Once you click on an ad, however, the advertiser does know what ad you are responding to, and thus would know your age in the example above.  There was a slip-up a couple years ago where game sites (often thinly veiled advertising) were able to obtain the Facebook ID of each user. Here's what they say:

In order to advertise on Facebook, advertisers give us an ad they want us to display and tell us the kinds of people they want to reach. We deliver the ad to people who fit those criteria without revealing any personal information to the advertiser.

For more information on how to do this, see http://www.facebook.com/adsmarketing/index.php?sk=targeting_filters. Facebook supports targeting based on:
Note that you don't get to choose what attributes advertisers can use, because advertisers do not see them! And Facebook itself has access to everything (duh).

For a while it was possible to specify the ad-selection terms very precisely (including the use of the user's "network"), even to the point of displaying an ad to a single user (though this was not supposed to work). Here's a blog post from late 2017 on doing exactly this: medium.com/@MichaelH_3009/sniper-targeting-on-facebook-how-to-target-one-specific-person-with-super-targeted-ads-515ba6e068f6. But this has now been fixed; see thetyee.ca/News/2019/03/06/Facebook-Flaw-Zero-In/.

Supposedly, post-Cambridge-Analytica, Facebook has cracked down on this sort of thing. But it's hard to be sure what they did.

Targeting by email

Go to settings → ads (on left) → Advertisers and BusinessesWho uploaded a list with your info and advertised to it.

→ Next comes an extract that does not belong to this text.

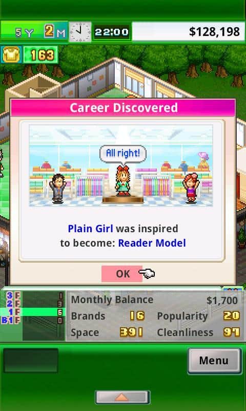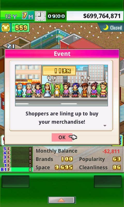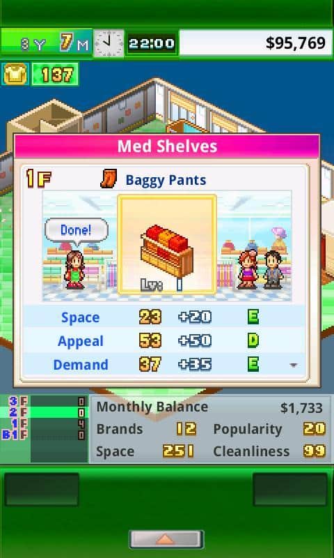 Pocket Clothier - продолжение серии экономических стратегий от студии Kairosoft. На этот раз вам предстоит взять под свое начало магазин одежды. Как и во всех проектах входящих в рамки серии разработчики реализовали проработанную до мелочей экономическую модель и модель поведения.Вам же необходимо сделать так чтобы ваш бутик не только успешно существовал, но и развивался, а для это стоит привлечь максимальное количество посетителей. Для этих целей предусмотрены целые наборы возможностей, заказывайте образцы одежды от самых престижных кутюрье, оформляйте и обустраивайте магазин, расширяйте площади, проводите акции и сезоны скидок, создавайте одежду сами, нанимайте персонал с уникальными навыками. Помимо этого разработчики дали игрокам возможность придумывать и собственные способы.

What this means is that advertisers can target you on Facebook even if no interests match. The uploaded lists can be based on email addresses, phone numbers, Facebook UIDs, Apple or Android advertising IDs [!], or other. See developers.facebook.com/docs/marketing-api/reference/custom-audience. It is not very clear what Facebook does to prevent advertisers from uploading huge email lists for Facebook to spam.

Also, Facebook does run a full-scale advertising network. Non-Facebook websites include ads from this network, just as they include Google ads. Facebook identifies that it's you by your Facebook browser cookie, and serves up the ads.

Suggestions: don't give Facebook your regular email address. I know, kinda late now.

For what it's worth, here are Facebook's basic advertising policies: facebook.com/policies/ads.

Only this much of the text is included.